Young children today are impressionable. They form habits based on what they see and hear others around them do or say. As Television and other media devices become more available to children, this means that they gather information from a wider variety of sources. Though, the information they gather from these sources may not be in the best interests of young children.

 

In my classmate’s post regarding the reading journal prompt “Kids and T.V.”, Morgan Manuel has found an article that expresses some of her mutual concerns about the negative effects television has on young children as they form habits in the early stages of their lives.

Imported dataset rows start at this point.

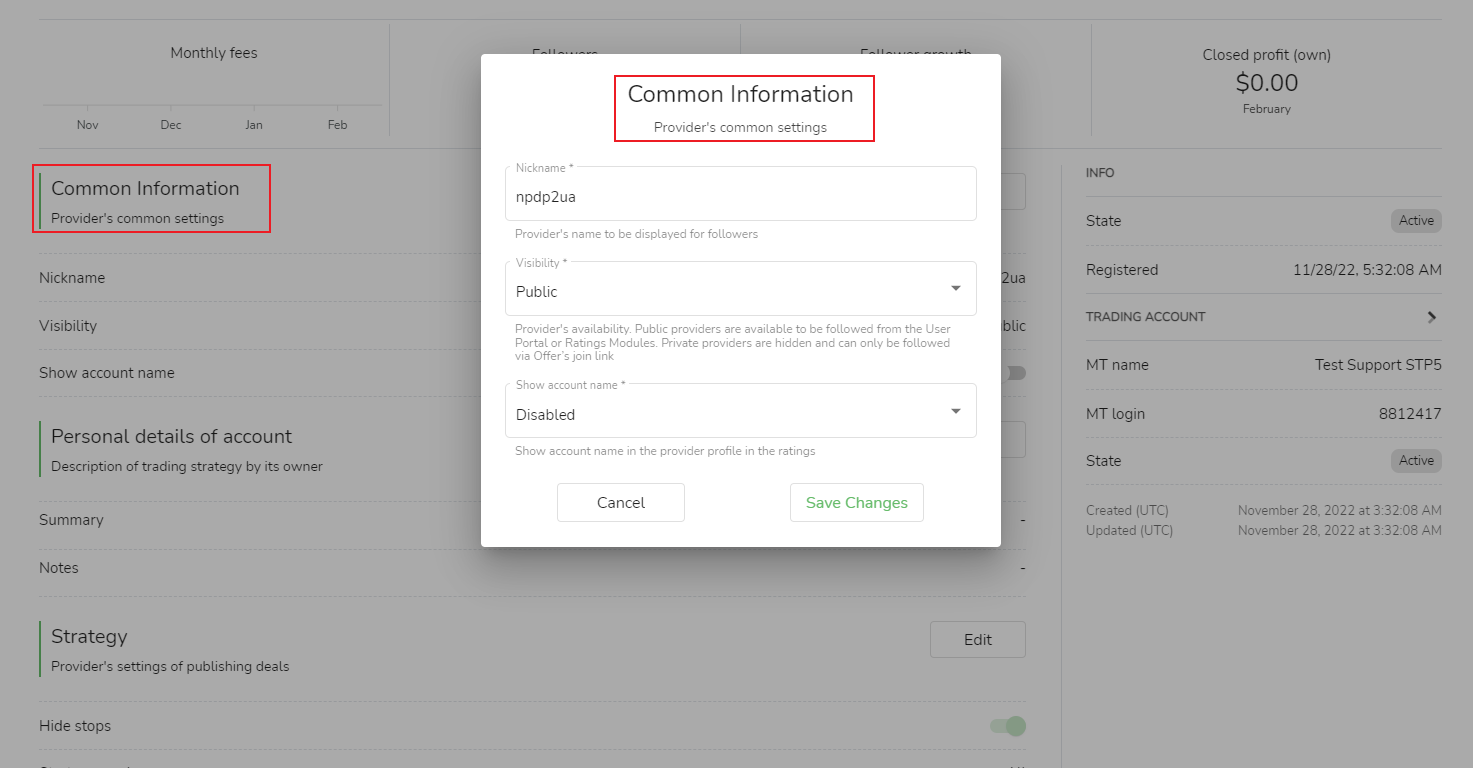 Tài khoản chấp nhận phí hiệu suất:Tài khoản giao dịch mà nguồn tín hiệu thu thập người theo dõi để trả phí hiệu suất cho nguồn tín hiệu có thể chọn tài khoản hiện có hoặc thêm tài khoản mới. Trong quá trình thêm tài khoản mới, bạn cần điền vào tài khoản giao dịch (nghĩa là tài khoản giao dịch trong MetaTrader) và mật khẩu (nghĩa là Mật khẩu giao dịch MetaTrader) và sau đó nhấp vào [Lưu thay đổi] để hoàn tất cài đặt thành công.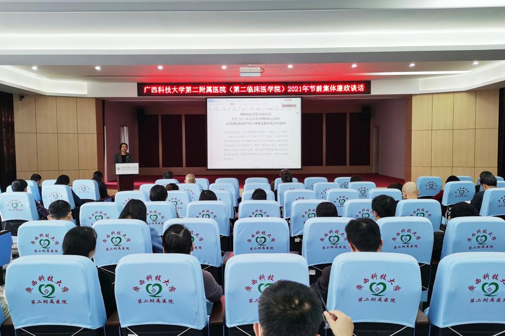 为营造风清气正的节日氛围,2月4日下午,广西科技大学第二附属医院(第二临床医学院)党委副书记、纪委书记邓燕在医院周会上,对全院中层干部进行节前集体廉洁谈话。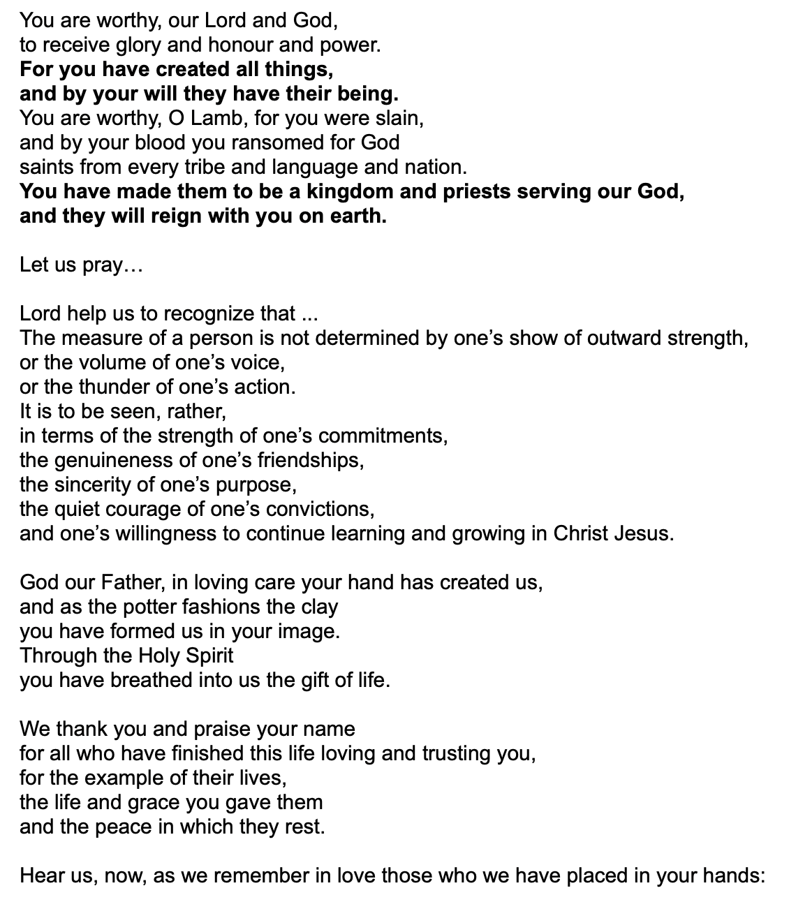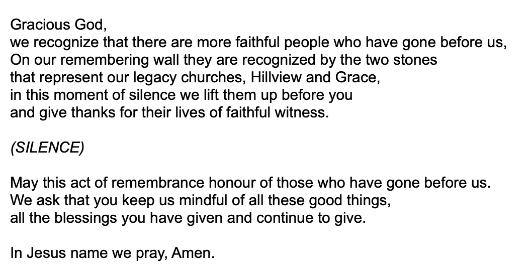 Sunday was All Saints Day, and during our service at Graceview, we read the names and honoured the memories of those who have been lost from our congregation over the past 20 years (since Grace and Hillview amalgamated to become Graceview). We wanted to share that part of the service with those who were not able to join us in-person. So that’s what this post is all about!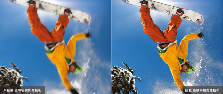 全新的瞬明影像技可高速作中的物精分析,提高面流性,少留, 降低快速所引起的模糊和影,同保持原始影像之亮度及真扈。 |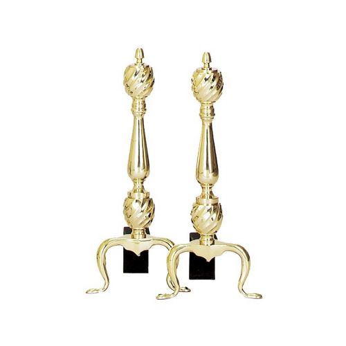 Solid brass twist andirons. It has a solid brass construction and it comes in a polished brass finish. It is only for decorative use. It is 19 inches tall. These decorative purpose andirons adds a classy look to any fireplace area.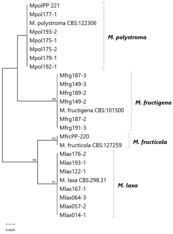 The identity of the four Monilinia species was confirmed through BLASTN analysis of the obtained ITS sequences against reference sequences in the NCBI GenBank database. The isolates clustered with the reference sequences of M. fructicola CBS 127259 (MH864497), M. fructigena CBS 101500 (MH862738), M. laxa CBS 298.31 (MH855219), and M. polystroma CBS 122306 (MH863200) [32]. No genetic differences were observed between strains originating from different geographic locations or host fruits within the same Monilinia species (Figure 1).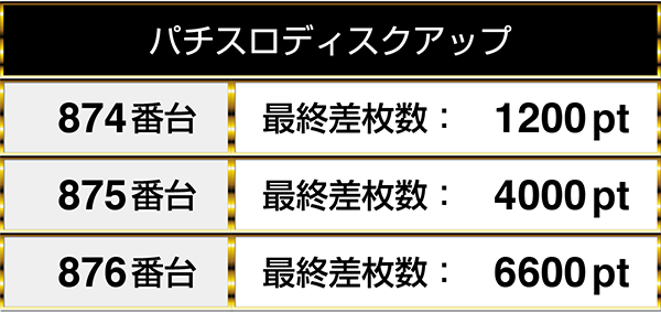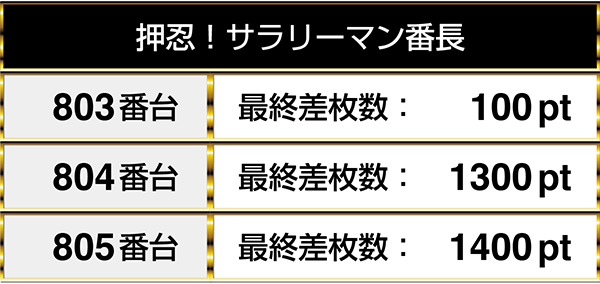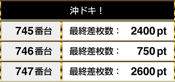 3台並びでプラスptとなっている場所があり、1台は3000ptを記録!!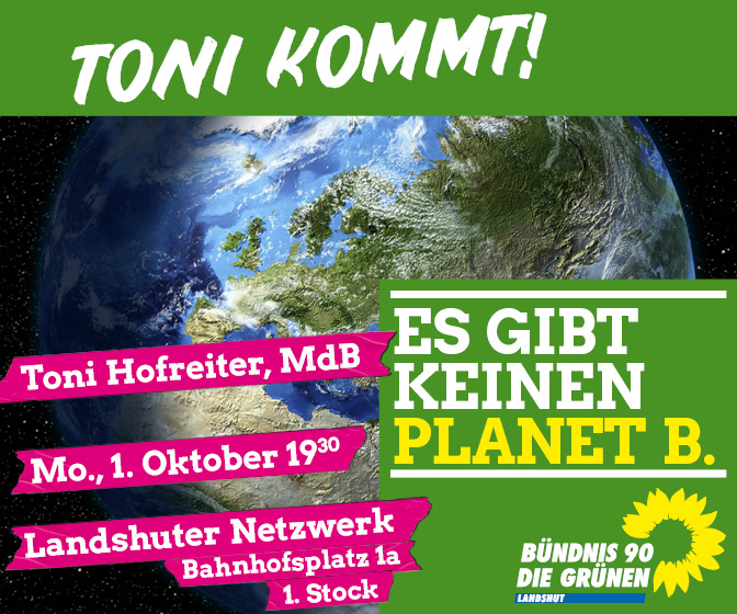 Auf Einladung der Landtagsabgeordneten Rosi Steinberger kommt am Montag den 1. Oktober Dr. Anton Hofreiter, Vorsitzender der Bundestagsfraktion der Grünen, zu einem Vortrag mit anschließender Diskussion nach Landshut.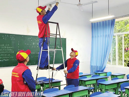 “電管家”檢修維護(hù)學(xué)校用電設(shè)施設(shè)備(圖片由國(guó)網(wǎng)綿陽(yáng)供電公司提供)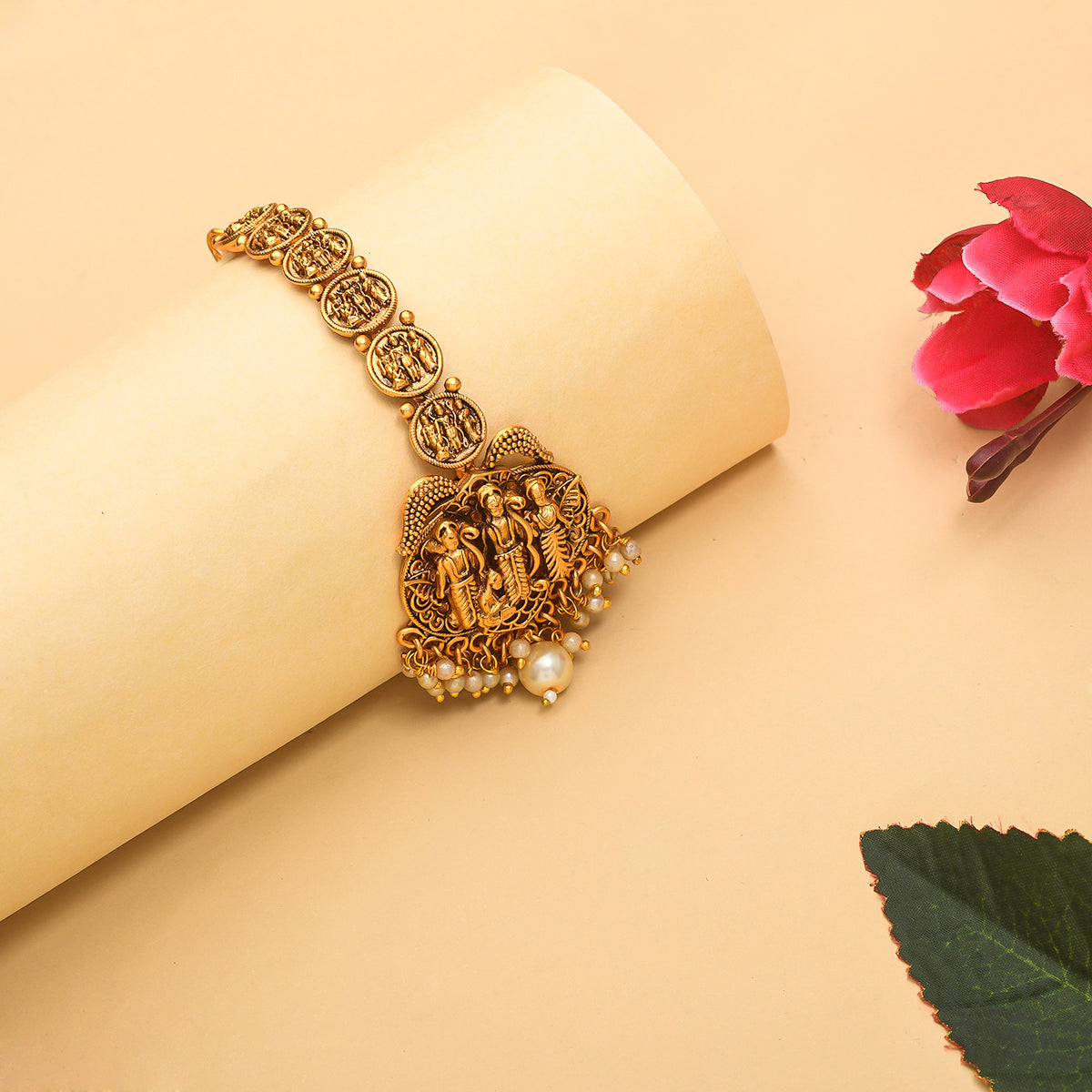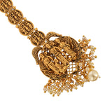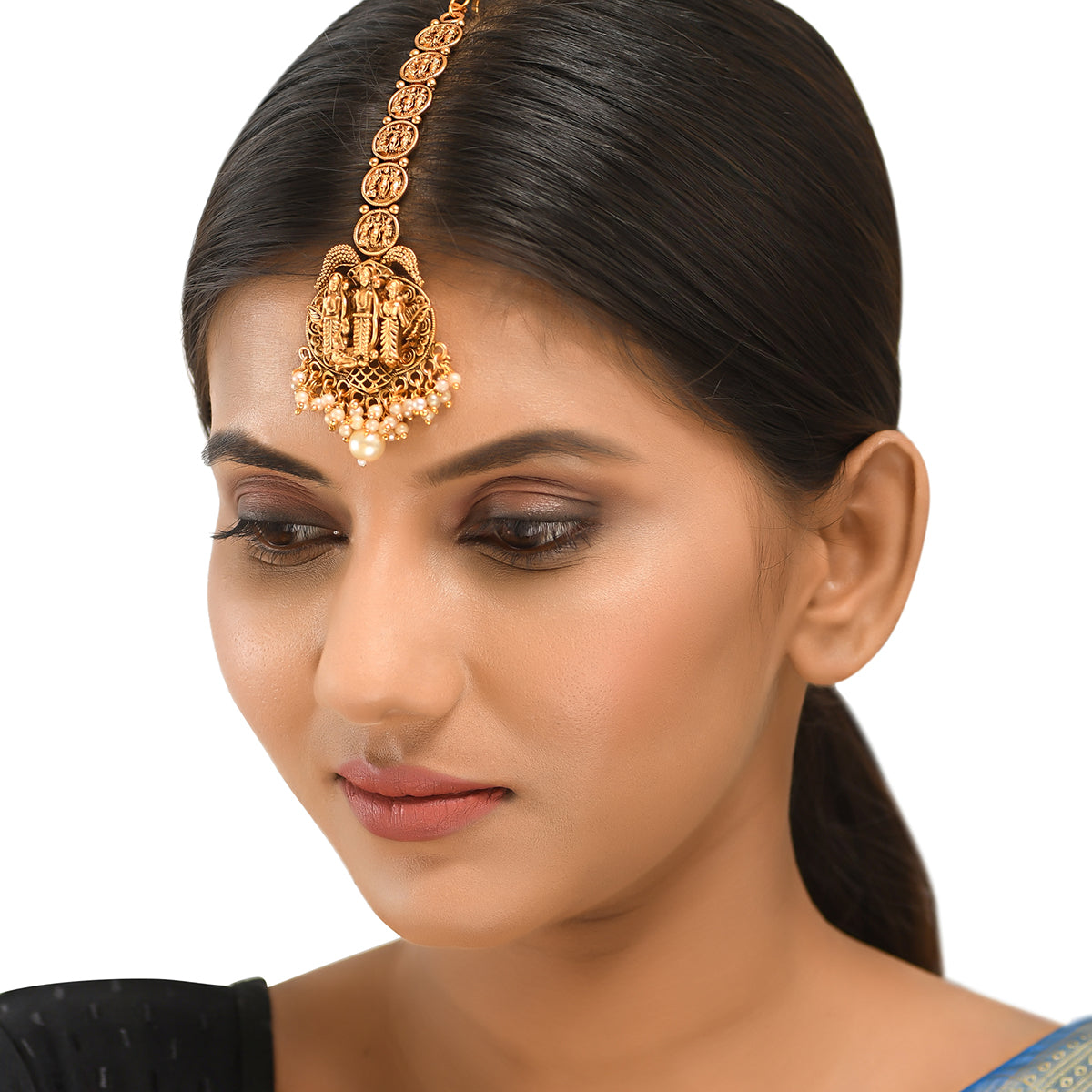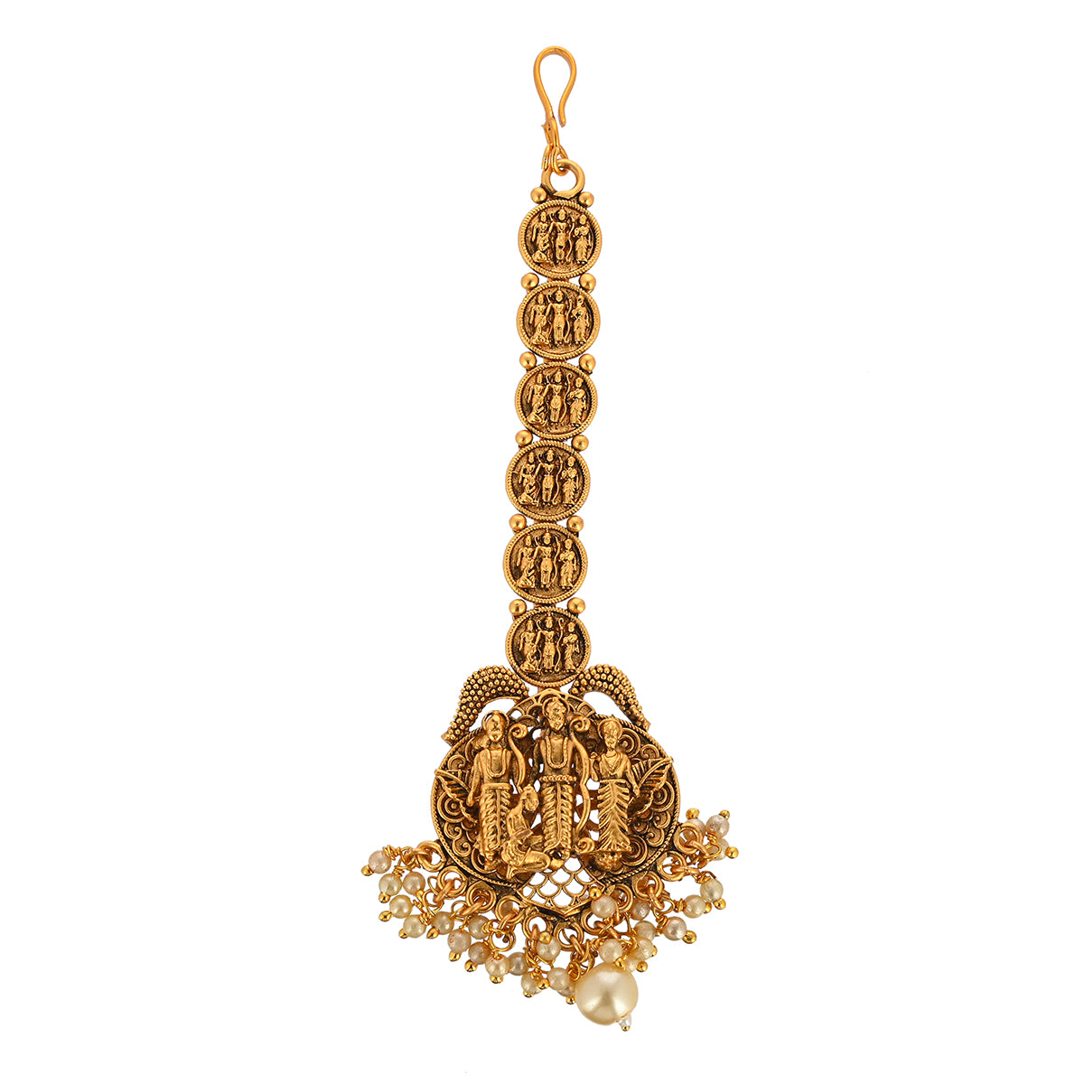 An ethnic coin maang tika, fashioned from brass into a classic temple design. Adorned with divine motifs and embellished with white faux pearls, the tika has been yellow gold plated for added charm. Pair with formal Indian looks.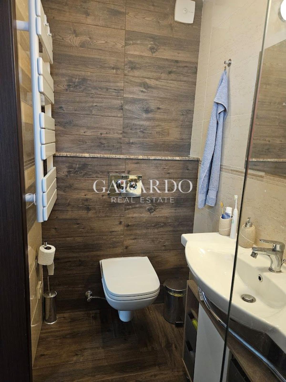 Апартаментът е изцяло обзаведен с внимание към всеки детайл – стилни интериорни решения и функционални зони, създаващи усещане за уют и естетика.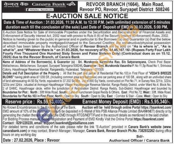 Details and Full Description of the Property: All that the part and parcel of Residential Flat No. 103 in First Floor of "VEDA'S BREEZE BLOWS" having plinth area of 1200 Sft. (Including common area and balconies) one car parking area of 100 Stt, along with an undivided share of land admeasuring 44.50 Sq. Yards, equivalent to 37.202 Sq. Mts, out of 890 Sq Yards, constructed on Plot No 71, in Survey Nos. 321/8, 322/a. 323/a and 324/a, situaled at Anmagal Hayathnagar Vilage, Hayathnagar Revenue Mandal, Ranga Reddy District, under Ward No.4, Block No. 2 of GHMC, Hayathnagar circle, within the jurisdiction of Registration District: Ranga Reddy, Sub-District: Hayathnagar and bounded by Boundaries for Plot: North: 30ft Wide Road, South: Land of Kuncharam Gopal Reddy & Others, East: Plot No. 72, West: 30ft. Wide Road. Boundaries for Flat No. 103 in First Floor, North: Open to Sky South: Open to Sky, East: Corridor & Stair-Case, West: Open to Sky

Her main worries she shares with the author of the article are (1) that television conveys a message of violence toward young minds and can potentially be imitated, (2) the presence of sexual content exposed in certain television programs and (3) that children form unhealthy habits or become lazy as a direct result of watching too much television.

 

Morgan has connected her points to examples present in Ray Bradburry’s The Veldt in the course reading packet. She makes valid points about how the violence present in television today is related to the violent acts experienced in the futuristic house, the setting of Bradburry’s short story. Also, Morgan also points out the effects of laziness that television has on children when she connects the laziness and dependence on the nursery that has driven the children in the story to murder their parents to ensure the safety of their lazy ways. The children are disrespectful, defiant, and even harmful to their parents.  Although I could not find instances of sexual behavior blatantly expressed in the text, Bradburry explains that the electronic room in the story became a channel towards destructive thoughts for the children (167).